Exercise prompt | Going through the data below, copy out each line where the word "Bağlı" shows up.

Material provided |
· · · ·

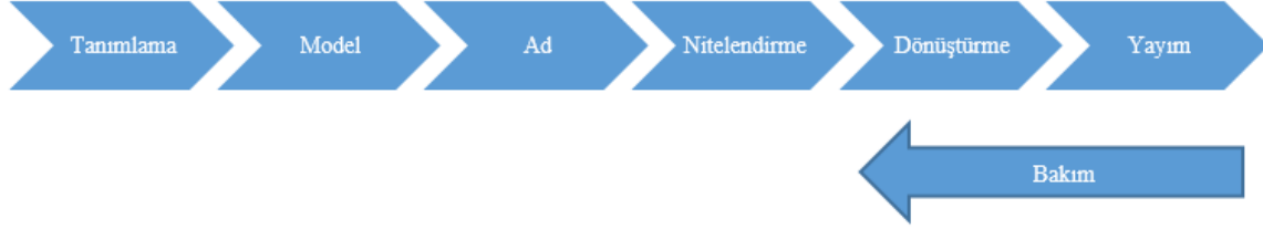
Şekil 2. Tipik Bir Bağlı Veri Üretim Süreci (Hyland ve Wood, 2011, s.11)

Öte yandan 2011’de W3C Kamusal Bağlı Veri Çalışma Grubu (The W3C Government Linked Data Working Group), ülkelerin ellerindeki bilgiyi W3 tarafından geliştirilen bağlı veri yapılarını kullanarak yayımlayabilmelerini desteklemek amacıyla kurulmuştur (World Wide Web Consortium, 2011). Çalışma grubu web tabanlı ortak tanımlama kriterleri geliştirme faaliyetlerini sürdürmektedir. Bu kapsamda elektronik ortamda bilgi içerikli kültür mirası niteliğindeki içeriğin web tabanlı sistemlerde tanımlanmasında yukarıda yer alan adımların takip edilmesi ve ortak standartlara uyumlu platformlar geliştirilmesi önemli görülmektedir.
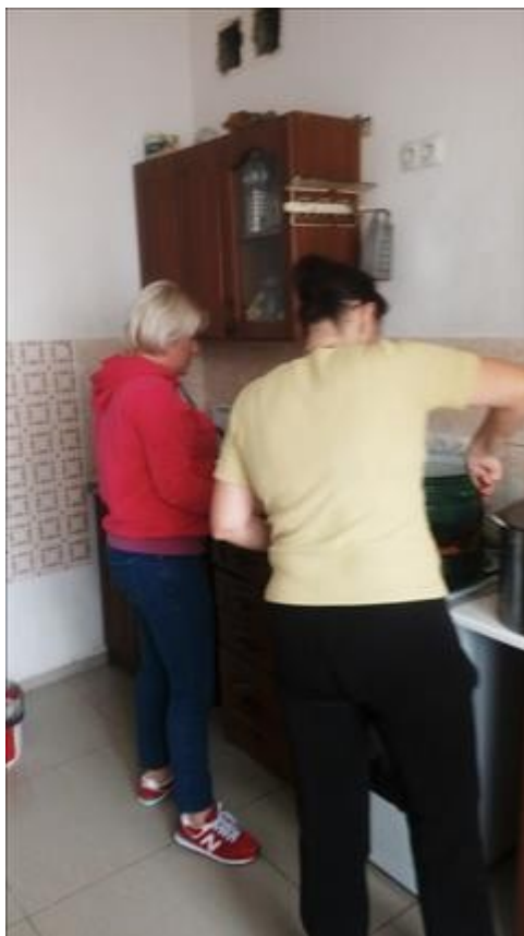
Кулинарный мастер класс фото 3 Кулинарный мастер класс фото 3
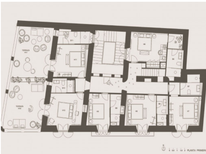
Plano 1. piso

· · · ·

Task answer |
Şekil 2. Tipik Bir Bağlı Veri Üretim Süreci (Hyland ve Wood, 2011, s.11)
Öte yandan 2011’de W3C Kamusal Bağlı Veri Çalışma Grubu (The W3C Government Linked Data Working Group), ülkelerin ellerindeki bilgiyi W3 tarafından geliştirilen bağlı veri yapılarını kullanarak yayımlayabilmelerini desteklemek amacıyla kurulmuştur (World Wide Web Consortium, 2011). Çalışma grubu web tabanlı ortak tanımlama kriterleri geliştirme faaliyetlerini sürdürmektedir. Bu kapsamda elektronik ortamda bilgi içerikli kültür mirası niteliğindeki içeriğin web tabanlı sistemlerde tanımlanmasında yukarıda yer alan adımların takip edilmesi ve ortak standartlara uyumlu platformlar geliştirilmesi önemli görülmektedir.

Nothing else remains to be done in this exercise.